快来解锁PyTorch新技能：torch.fix

Original AI小将机器学习算法工程师 2021-12-31

点蓝色字关注“机器学习算法工程师”

设为星标，干货直达！

PyTorch1.9版本正式发布了torch.fx预览版，而在1.10版本发布了稳定版本，torch.fx这个工具包的主要功能是实现对nn.Module实例的变换，或者说用来操作模型。听起来这个功能有点怪，但是如果你深入了解的话，你会发现其实它的用处还不少。这里先简单介绍一下torch.fx核心概念，然后介绍它的几个具体应用实例。

torch.fx主要有3个组件：符号追踪器（symbolic tracer），中间表示（intermediate representation）， Python代码生成（Python code generation）。为了快速理解，这里给出一个简单的例子：

import torch
# Simple module for demonstration
class MyModule(torch.nn.Module):
    def __init__(self):
        super().__init__()
        self.param = torch.nn.Parameter(torch.rand(3, 4))
        self.linear = torch.nn.Linear(4, 5)

    def forward(self, x):
        return self.linear(x + self.param).clamp(min=0.0, max=1.0)

module = MyModule()

from torch.fx import symbolic_trace
# 符号追踪这个模块
# Symbolic tracing frontend - captures the semantics of the module
symbolic_traced : torch.fx.GraphModule = symbolic_trace(module)

# 中间表示
# High-level intermediate representation (IR) - Graph representation
print(symbolic_traced.graph)
"""
graph():
    %x : [#users=1] = placeholder[target=x]
    %param : [#users=1] = get_attr[target=param]
    %add : [#users=1] = call_function[target=operator.add](args = (%x, %param), kwargs = {})
    %linear : [#users=1] = call_module[target=linear](args = (%add,), kwargs = {})
    %clamp : [#users=1] = call_method[target=clamp](args = (%linear,), kwargs = {min: 0.0, max: 1.0})
    return clamp
"""

# 生成代码
# Code generation - valid Python code
print(symbolic_traced.code)
"""
def forward(self, x):
    param = self.param
    add = x + param;  x = param = None
    linear = self.linear(add);  add = None
    clamp = linear.clamp(min = 0.0, max = 1.0);  linear = None
    return clamp
"""

符号追踪器对模块的forward代码进行符号执行，它送入的是假的输入，叫做Proxies，代码中的所有operations都被记录下来。这个过程和TensorFlow构建静态图有点类似，Proxies类似placeholder。

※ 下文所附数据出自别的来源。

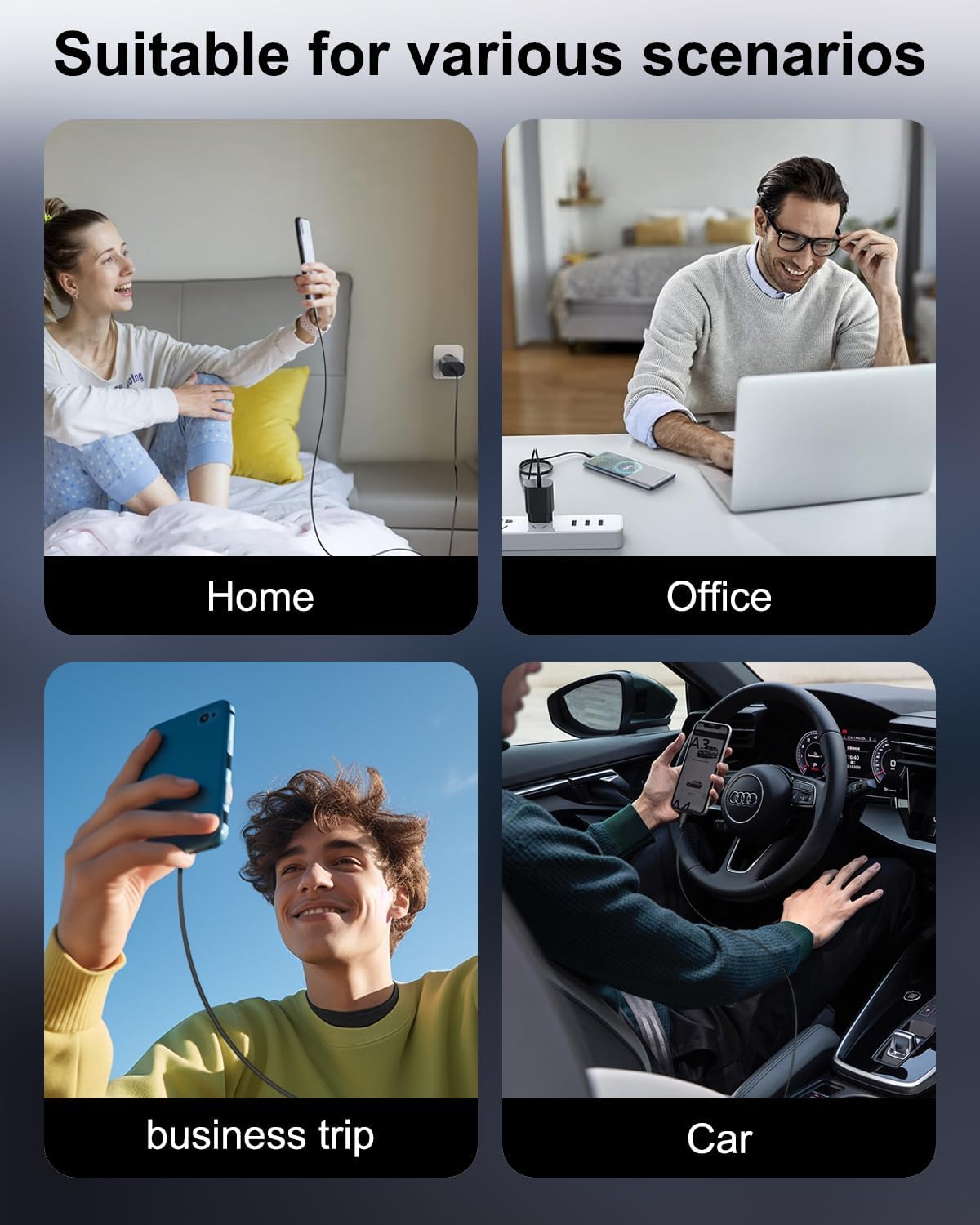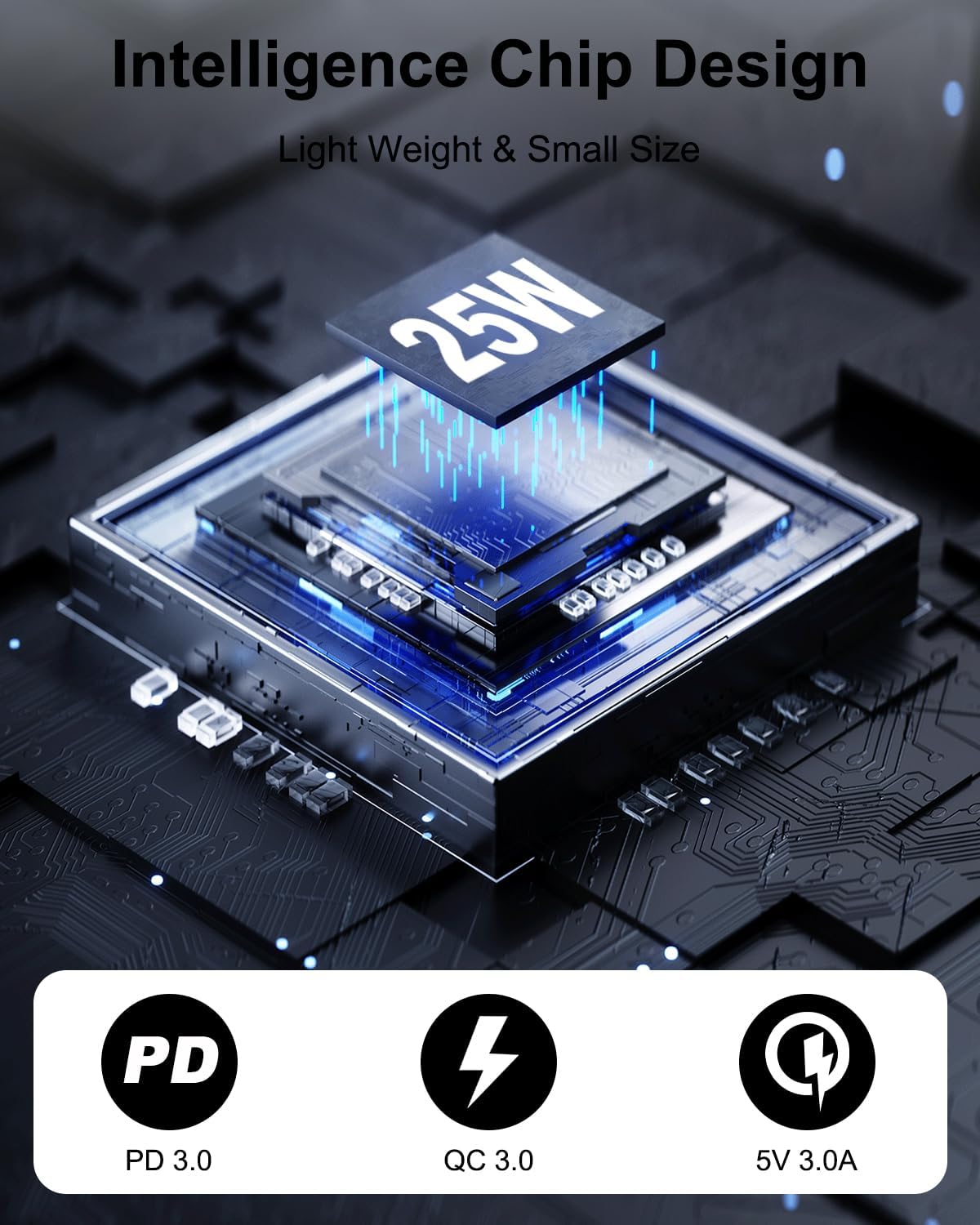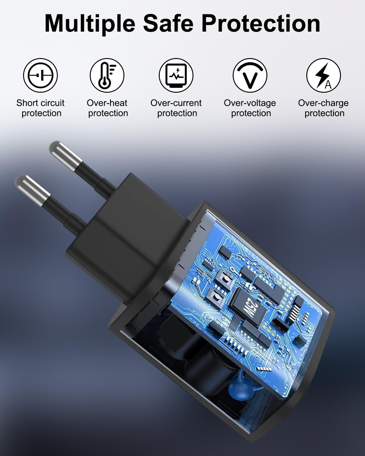 Il caricabatterie rapido è dotato di un chip IC intelligente che evita cortocircuiti, sovratensioni, surriscaldamento e sovracorrenti. Inoltre, interrompe la ricarica quando la batteria del dispositivo è piena, garantendo una ricarica più sicura del cellulare durante la notte.

这个追踪最终可以得到代码计算图的中间表示：torch.fx.Graph，和TensorFlow的Graph基本是相同的概念。Graph记录了所有的operations，具体的，一个Graph包括一系列的torch.fx.Node，Node是Graph的最基本单元，它对应的是一个operation，Node.op记录的具体的操作类型，主要包括以下几种类型：placeholder，get_attr，call_function，call_module，call_method，output。这里通过一个例子来理解这几个具体的类型：

import torch
import torch.fx

class MyModule(torch.nn.Module):
    def __init__(self):
        super().__init__()
        self.param = torch.nn.Parameter(torch.rand(3, 4))
        self.linear = torch.nn.Linear(4, 5)

    def forward(self, x):
        return torch.topk(torch.sum(
            self.linear(x + self.linear.weight).relu(), dim=-1), 3)

m = MyModule()
gm = torch.fx.symbolic_trace(m)

# 打印graph的所有node
gm.graph.print_tabular()

opcode         name           target                                                   args                kwargs
-------------  -------------  -------------------------------------------------------  ------------------  -----------
placeholder    x              x                                                        ()                  {}
get_attr       linear_weight  linear.weight                                            ()                  {}
call_function  add            <built-in function add>                                  (x, linear_weight)  {}
call_module    linear         linear                                                   (add,)              {}
call_method    relu           relu                                                     (linear,)           {}
call_function  sum_1          <built-in method sum of type object at 0x7f98c972d200>   (relu,)             {'dim': -1}
call_function  topk           <built-in method topk of type object at 0x7f98c972d200>  (sum_1, 3)          {}
output         output         output                                                   (topk,)             {}

可以看到每个Node除了op之外，还有name，target，args和kwargs，对于不同的op其含义有点区别。placeholder其实就是graph的输入，而output是graph的输出，它们的target和name一样。get_attr其实就是获取module的参数；call_function是调用函数，它的target指明了具体的函数；call_module是调用子module，target就是子module名；call_method是调用torch的函数。args和kwargs其实就是op对应的tuple和dict参数，可以看到很多ops的args其实就是其它Node的name，所以这样各个Node就是建立了联系，从而构成了Graph。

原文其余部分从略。